EXERCISE DESCRIPTION -
Please repeat the entire listing verbatim and keep the pictures out.

RAW DATA -
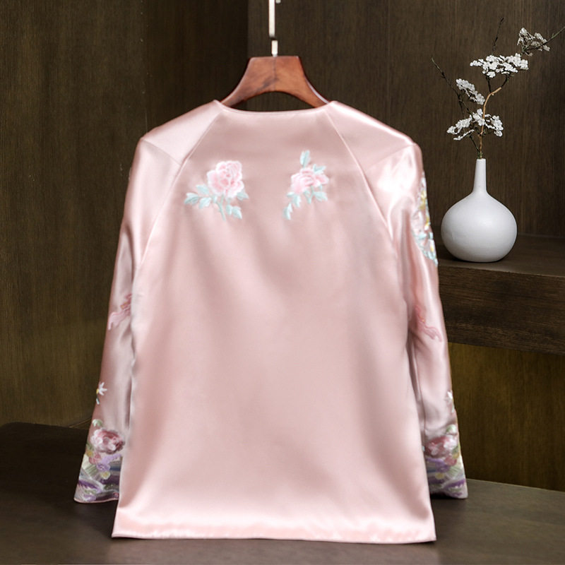 时尚新中式上衣2025春秋复古国风醋酸刺绣唐装外套民族风太太服女
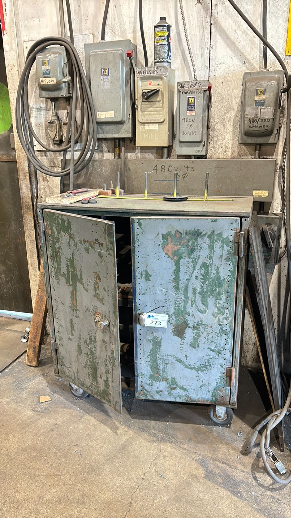 MOBILE METAL 2 DOOR WORK CABINET (APPROX.3FT ACROSS X 3 1/2FT HIGH X 1 1/2FT DEEP
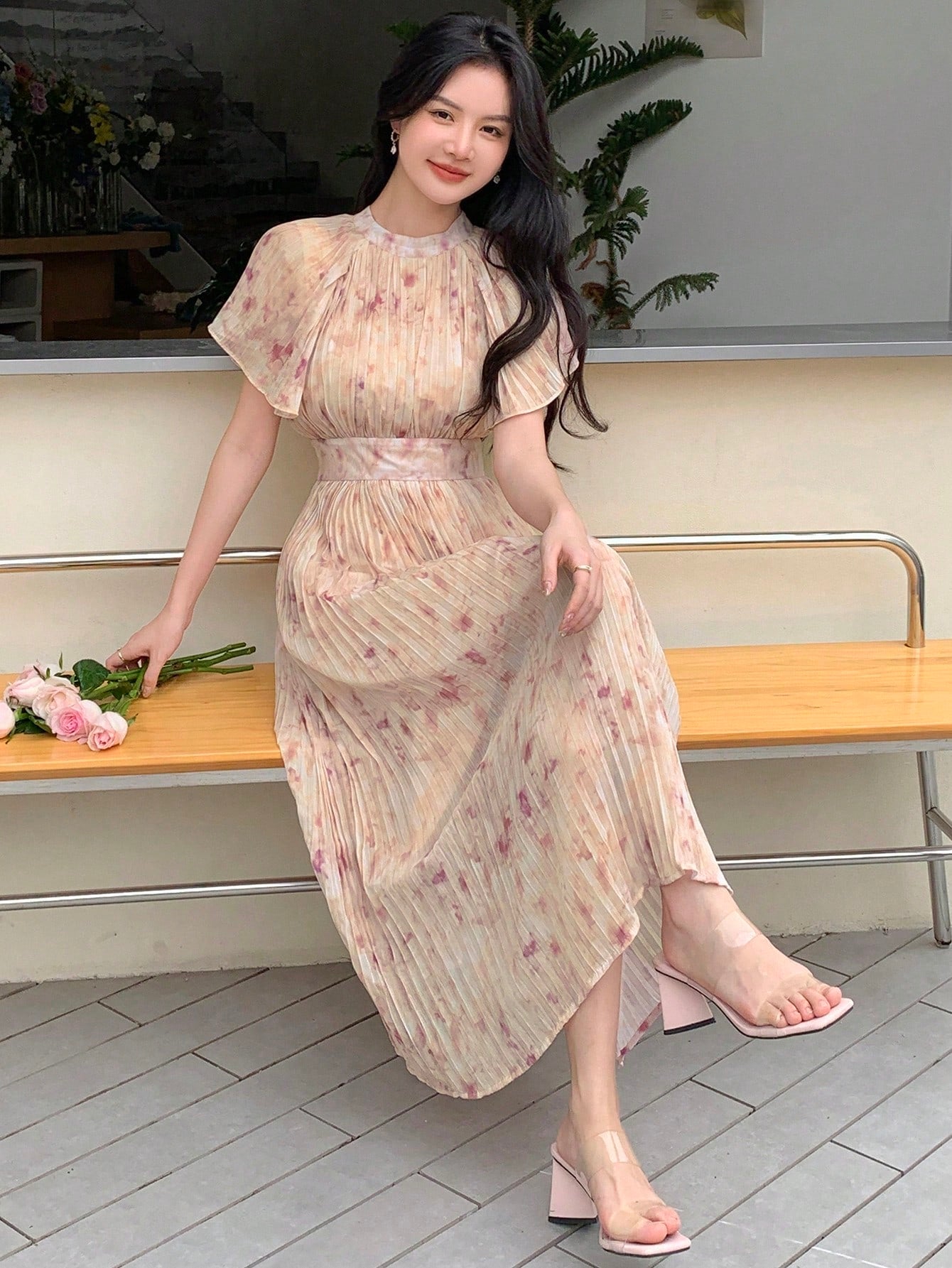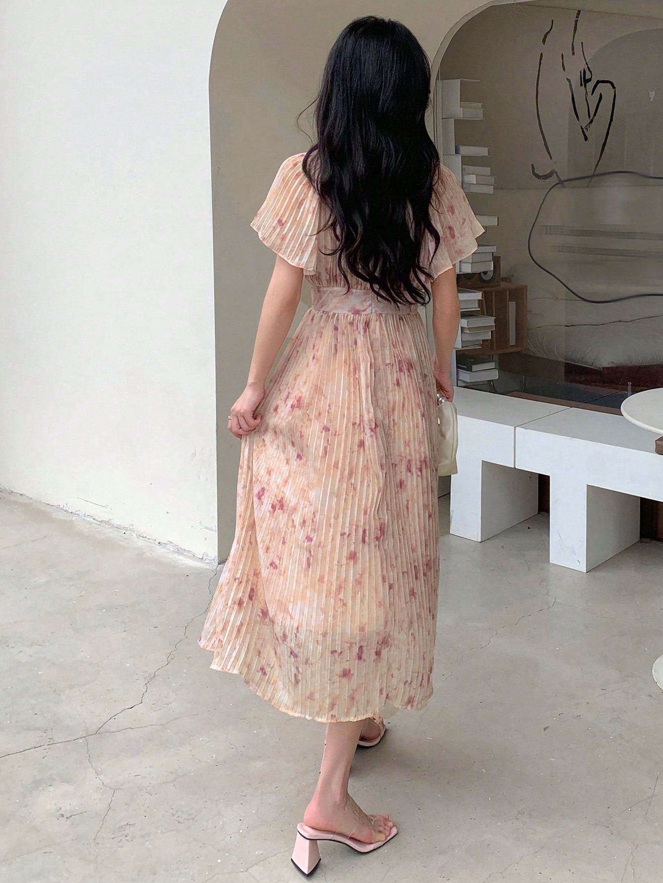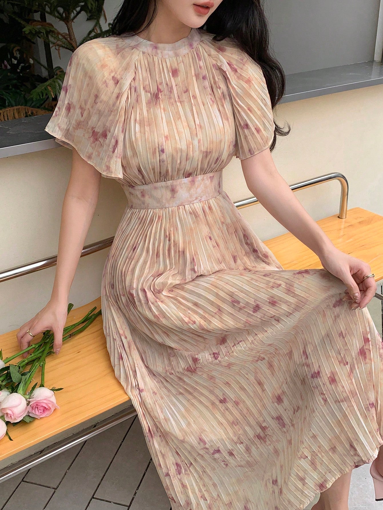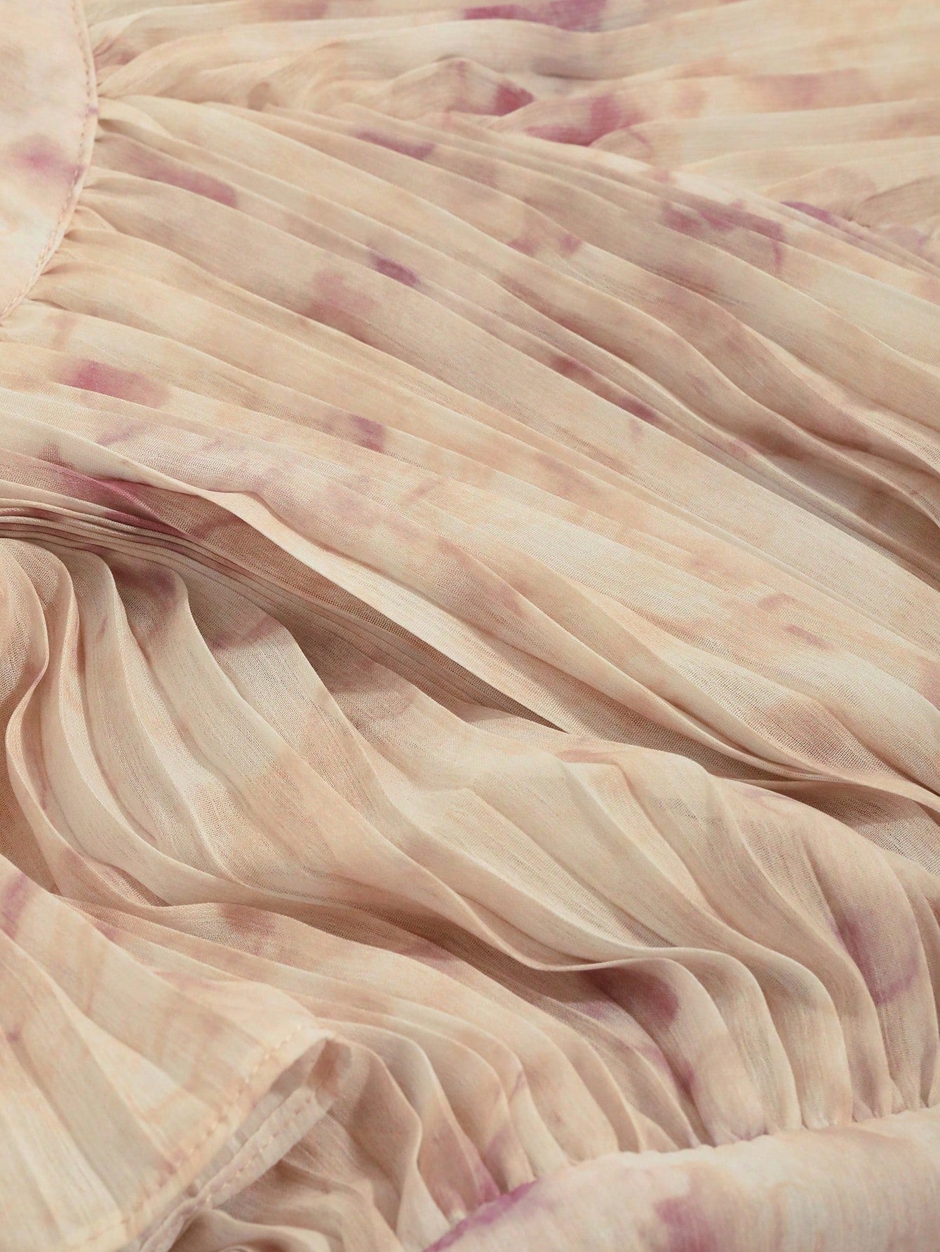 DAZY Tie Dye Pleated Detail Flounce Sleeve Dress

RESPONSE AREA -
 时尚新中式上衣2025春秋复古国风醋酸刺绣唐装外套民族风太太服女
 MOBILE METAL 2 DOOR WORK CABINET (APPROX.3FT ACROSS X 3 1/2FT HIGH X 1 1/2FT DEEP
 DAZY Tie Dye Pleated Detail Flounce Sleeve Dress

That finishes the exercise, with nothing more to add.